* [WORK TO COMPLETE] Instruction for the entries below: return the part that opens with the line containing "Showing all 2" and closes with the line containing "Термоусадочные трубки 1", exactly, and no pictures.

BEGIN DATA PROVIDED

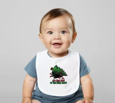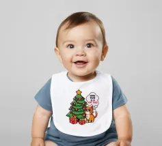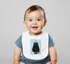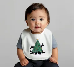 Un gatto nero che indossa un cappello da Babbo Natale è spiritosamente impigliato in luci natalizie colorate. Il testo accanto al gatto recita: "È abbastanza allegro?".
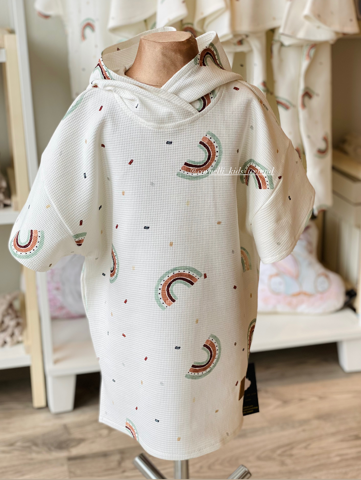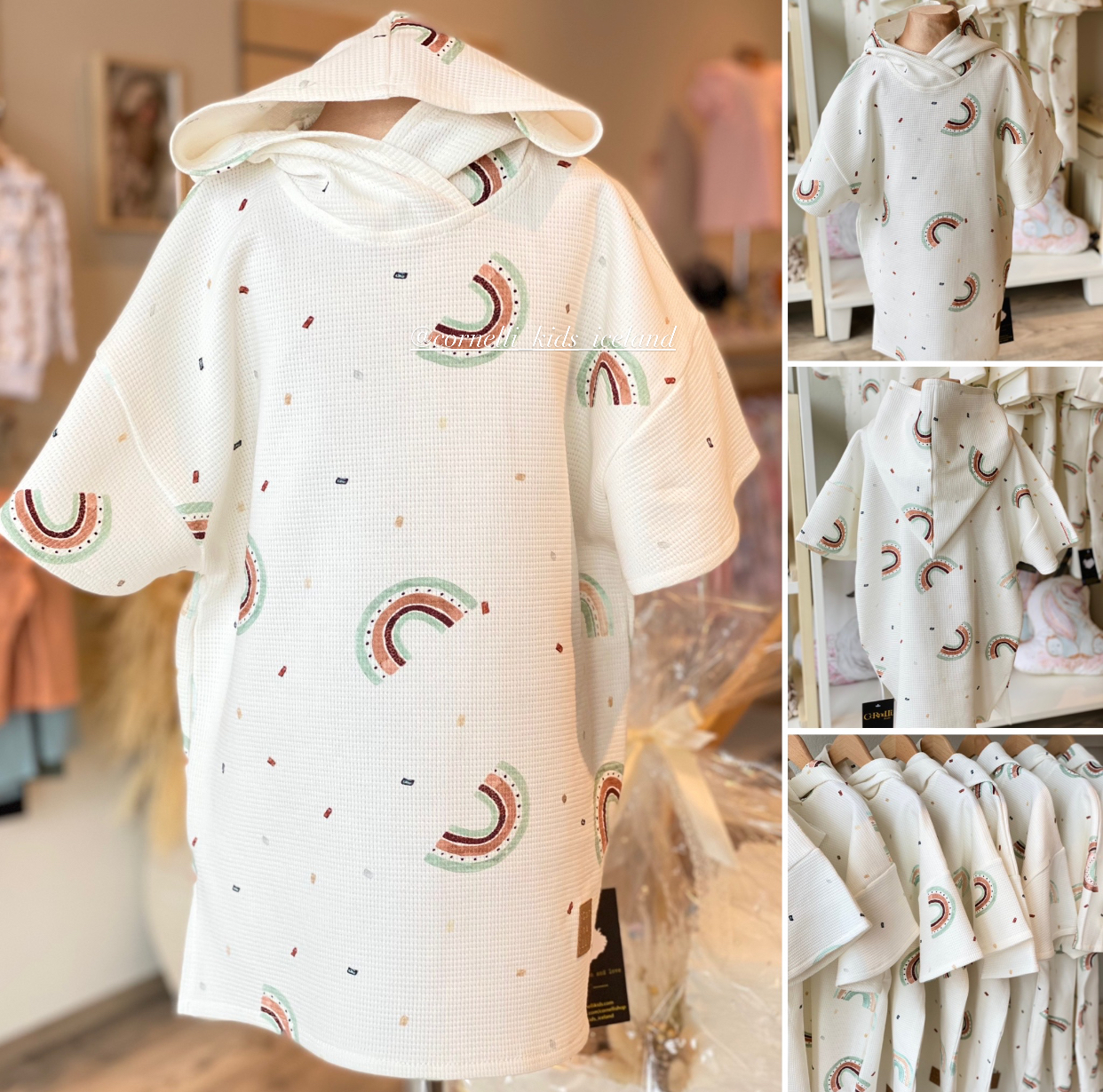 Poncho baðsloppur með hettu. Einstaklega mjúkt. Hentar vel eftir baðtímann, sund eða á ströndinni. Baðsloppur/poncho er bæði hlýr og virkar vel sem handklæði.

END DATA PROVIDED
BEGIN DATA PROVIDED

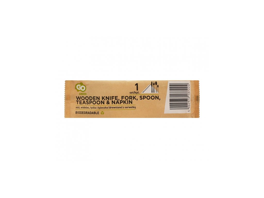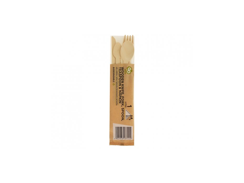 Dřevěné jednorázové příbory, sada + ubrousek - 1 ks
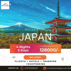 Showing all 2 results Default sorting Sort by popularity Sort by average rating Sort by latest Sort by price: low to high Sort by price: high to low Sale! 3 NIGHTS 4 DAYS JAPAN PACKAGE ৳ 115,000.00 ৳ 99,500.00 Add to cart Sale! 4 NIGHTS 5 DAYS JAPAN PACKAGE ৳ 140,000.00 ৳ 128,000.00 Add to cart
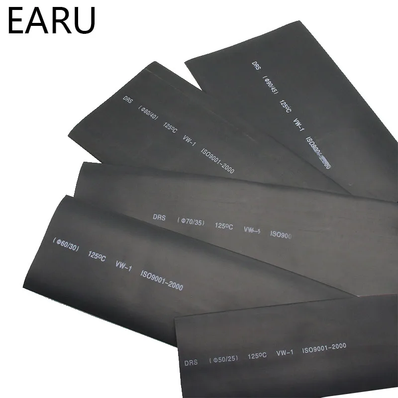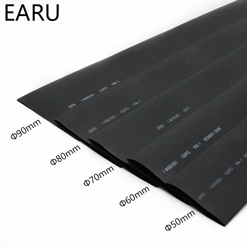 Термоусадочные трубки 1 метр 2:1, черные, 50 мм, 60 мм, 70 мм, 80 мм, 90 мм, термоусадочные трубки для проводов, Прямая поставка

END DATA PROVIDED
BEGIN DATA PROVIDED

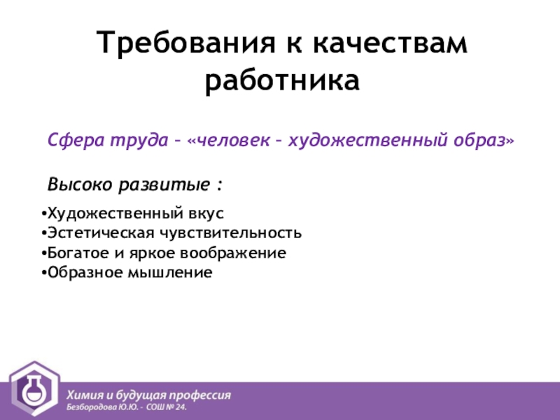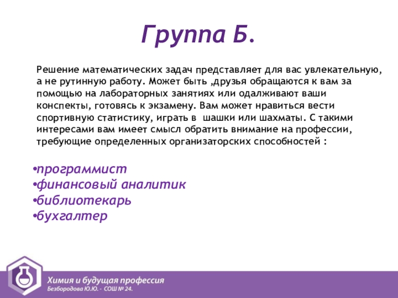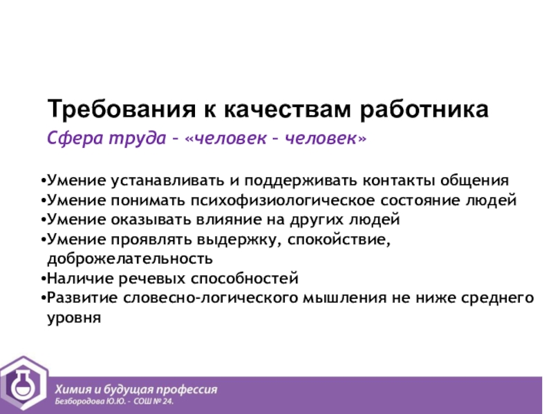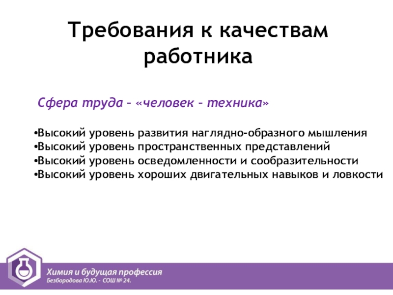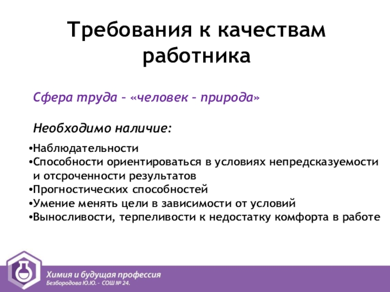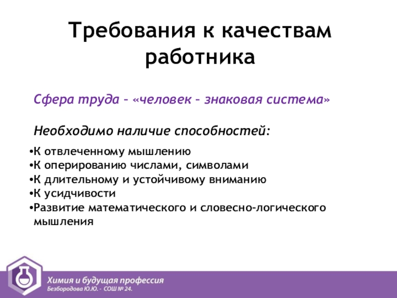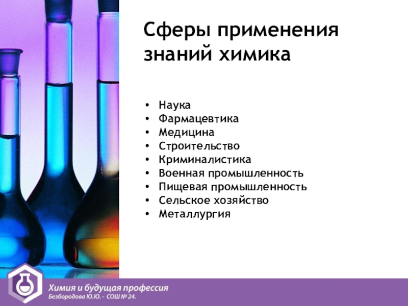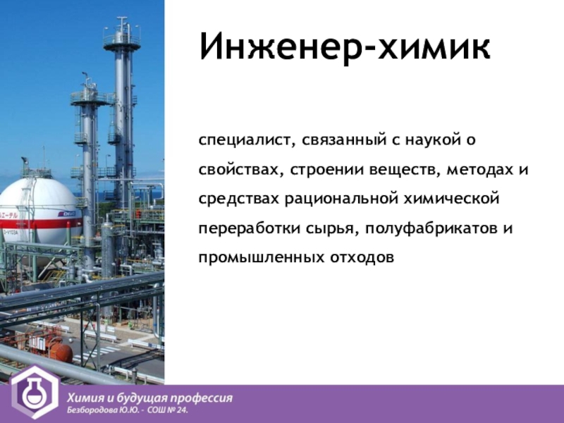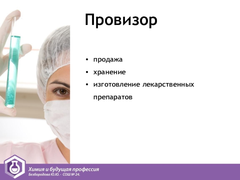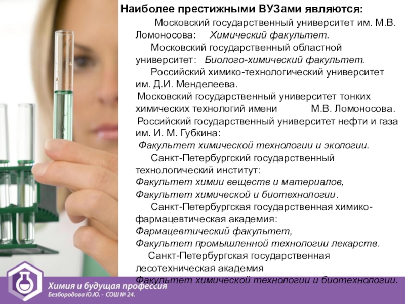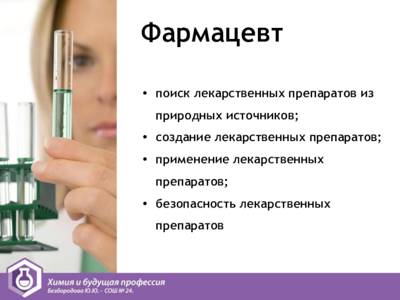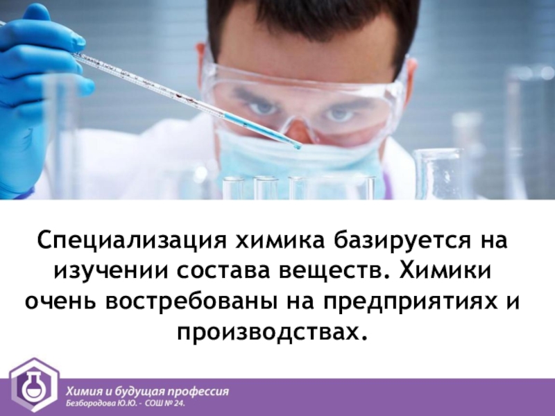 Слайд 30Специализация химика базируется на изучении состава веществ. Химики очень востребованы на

END DATA PROVIDED

* [OUTPUT OF THE TASK]
 Showing all 2 results Default sorting Sort by popularity Sort by average rating Sort by latest Sort by price: low to high Sort by price: high to low Sale! 3 NIGHTS 4 DAYS JAPAN PACKAGE ৳ 115,000.00 ৳ 99,500.00 Add to cart Sale! 4 NIGHTS 5 DAYS JAPAN PACKAGE ৳ 140,000.00 ৳ 128,000.00 Add to cart
 Термоусадочные трубки 1 метр 2:1, черные, 50 мм, 60 мм, 70 мм, 80 мм, 90 мм, термоусадочные трубки для проводов, Прямая поставка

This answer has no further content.